**WHAT YOU HAVE TO DO:**
In the lines below, output everything from the first line through the line containing "Product Name: Blooms" exactly as it is. Pictures are not part of the output.

**THE DATA:**
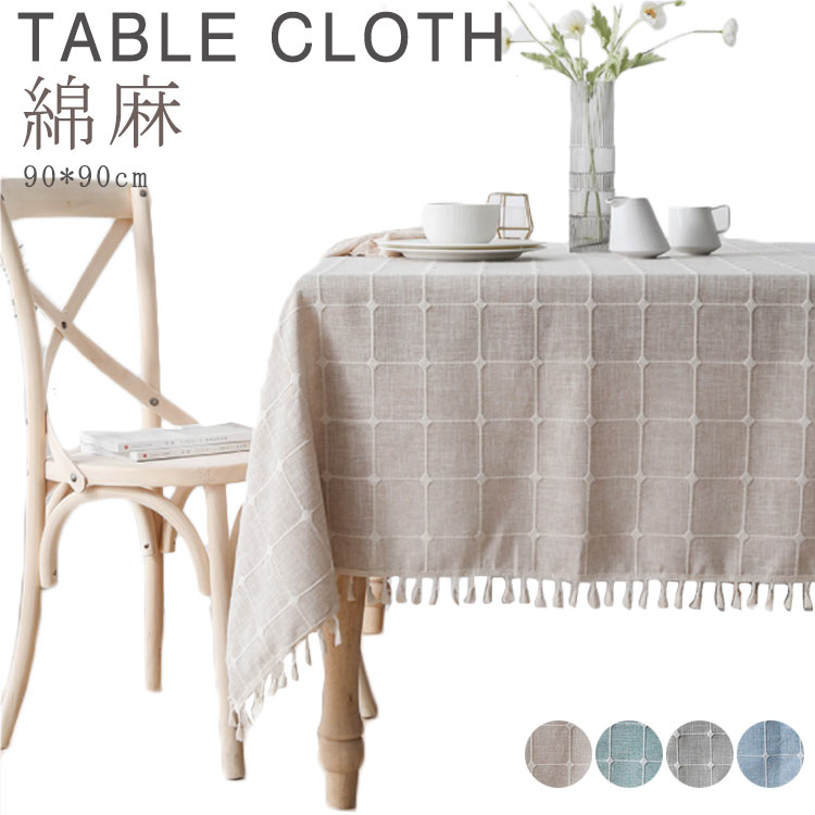 ■テーブルクロス 食卓カバー 北欧 90*90cm テーブルクロス 綿麻 リネン 正方形 テーブル クロス タッセル付き デスクカバー ダイニング キ
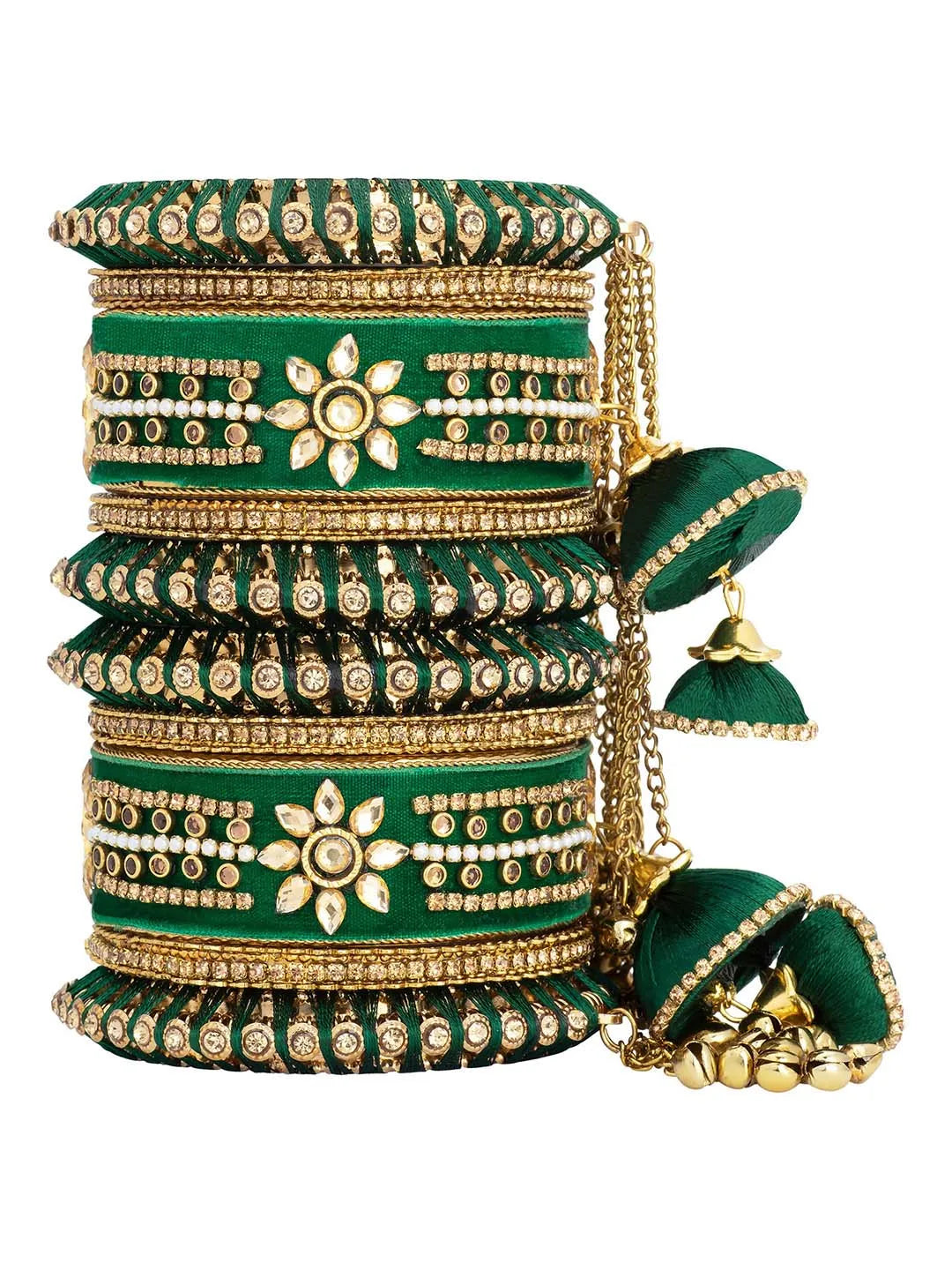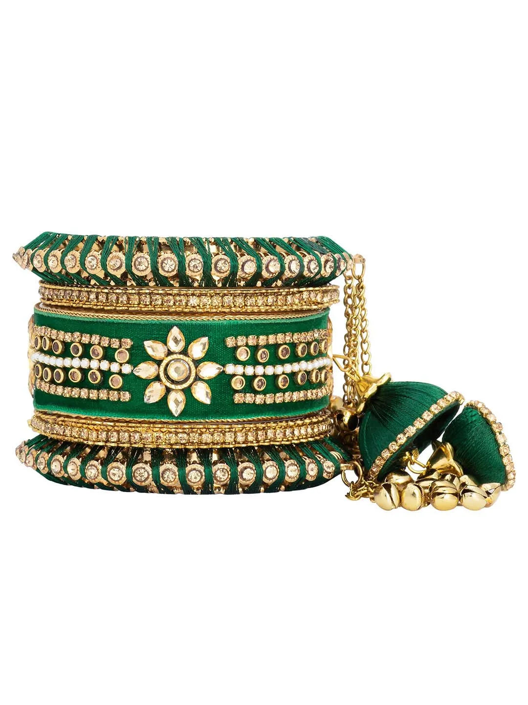Product Name: Blooms Kundan Floral Silk Thread Bangle - Green
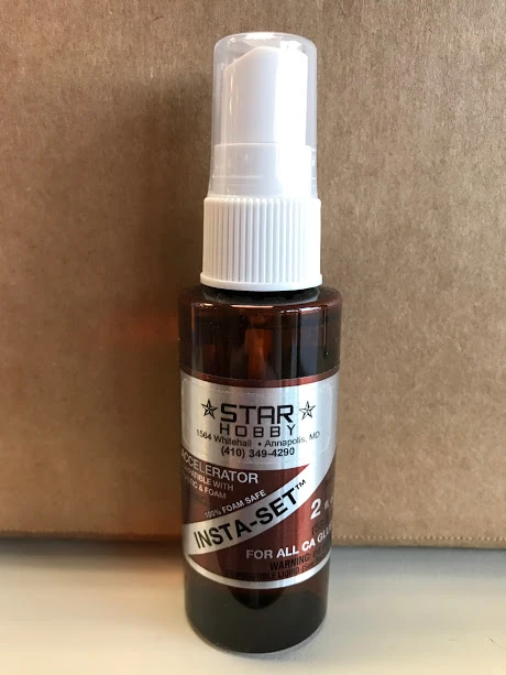 INSTA-SET™ is a catalyst which acts as an accelerator that allows CAs to quickly cure in thick layers by enhancing the alkaline conditions during polymerization. INSTA-SET™ in a spray bottle is normally used to cure the CA that flows from joints when parts are pressed together. Applying an additional bead of thick CA along a seam and then curing it with INSTA-SET™ significantly enhances a joint’s strength. For difficult to bond materials, INSTA-SET™ can be applied to one surface and CA to the opposite surface. When brought together, they will bond instantly. INSTA-SET™ is formulated with a strawberry scent and activates CA in 6 to 8 seconds without any degrading of the CAs strength, which can occur with many other accelerators. It is compatible with all surfaces, even clear plastic and white foam.

**RESULT FOR THIS TASK:**
 ■テーブルクロス 食卓カバー 北欧 90*90cm テーブルクロス 綿麻 リネン 正方形 テーブル クロス タッセル付き デスクカバー ダイニング キ
Product Name: Blooms Kundan Floral Silk Thread Bangle - Green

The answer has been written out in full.